In 1987 one of the Williamses' daughters experienced a heart attack on the property and died, which led to the family vacating the property. The Williamses claim that her death was one of several caused by the home. The couple later divorced. The Haneys also moved from their home. In 2007 Chron interviewed people living in the subdivision as well as the Williams and Haney homes. Few of the inhabitants reported anything that could be attributed to the supernatural and the occupants of the Haney home stated that they had experienced nothing odd.

==Synopsis==
In the book the Williamses detail their belief that their newly built home in a subdivision located in Crosby, Texas was haunted. The couple remained in the home for approximately seven years, during which time they state that they experienced supernatural events that ultimately led to the death of five family members. The couple reported that their toilet would repeatedly flush throughout the day and night, that their garage door would open and close during the day, repeated infestations of black ants, and rectangular sinkholes that would appear in the backyard. Initially believing these to be explainable events, the couple brought in workers to resolve the issues but none could find a cause for the issues. Other events reported by the couple included disembodied voices, appliances moving on the kitchen counter, and the house being unnaturally cold.

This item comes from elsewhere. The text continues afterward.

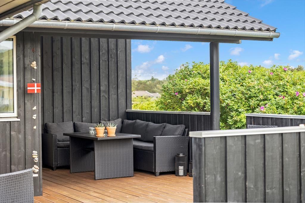 Sommerhuset ligger på en kuperet naturgrund. Flere steder fra grunden er der et fint havkig. Der hører flere gode terrasser til sommerhuset, så både morgen af aftensolen kan nydes.

Eventually the Williamses learned that their subdivision was built on a cemetery containing the bodies of enslaved people and sharecroppers. Further research showed that the building developers had received complaints from black families who had ancestors buried in Black Hope but decided to continue building without acknowledging the burial site or moving all of the bodies. The Williamses decided to remain in the home. They stated that in the following years Ben was attacked by an unseen apparition in the garage, that family felt uncomfortable being in the home and were more prone to arguments and fighting, and that several seemingly health family members suddenly developed various forms of cancer or suffered from severe mental health issues. The book ends with the Williamses and several others choosing to flee their homes, with one family choosing to file a lawsuit against the developers.

==Development==
John Bruce Shoemaker was introduced to Ben and Jean Williams through a mutual friend, who told him of the Williams' story. Plans were made for Shoemaker to work with the Williams family to write a book on the events, which took them approximately three and a half years. Per Shoemaker, he chose not to include all details of the Black Hope case, as he wanted to focus on the Williams family.

==Publication==
The Black Hope Horror was first published in hardback the United States during 1991, through William Morrow & Co. This was followed by a mass-market paperback release in 1993, through Berkley Books.

==Reception==
A reviewer for The Houston Post praised the book as "suspenseful and quick", while the work was panned by The Houston Chronicle felt that the work was unbelievable. Greg Lakes of The Missoulian praised the book as a "good ghost story" while remarking that the book felt too implausible and that Shoemaker did not answer key questions that Lakes felt would have resolved this issue. A reviewer for The Kansas City Star compared the book negatively to the 1982 film Poltergeist, writing that the book was a "good ghost story, but unfortunately it's too much of a case of life imitating art."

==Television film==
In 1992 the book was adapted for a made-for-TV movie entitled Grave Secrets: The Legacy of Hilltop Drive. The film starred Patty Duke and David Selby as Jean and Ben "Shag" Williams. While developing the film the screenwriter and producer stayed with the Williamses for three and a half days, during which they reassured the couple that the film would not be sensationalized. The film was panned by The La Crosse Tribune and News-Pilot, the latter of which called it a "two hour Unexplained Mysteries' using name actors" and that "Those who refuse to believe in supernatural forces shouldn't waste a minute, however, except to punch holes in the theories of supernatural manifestations."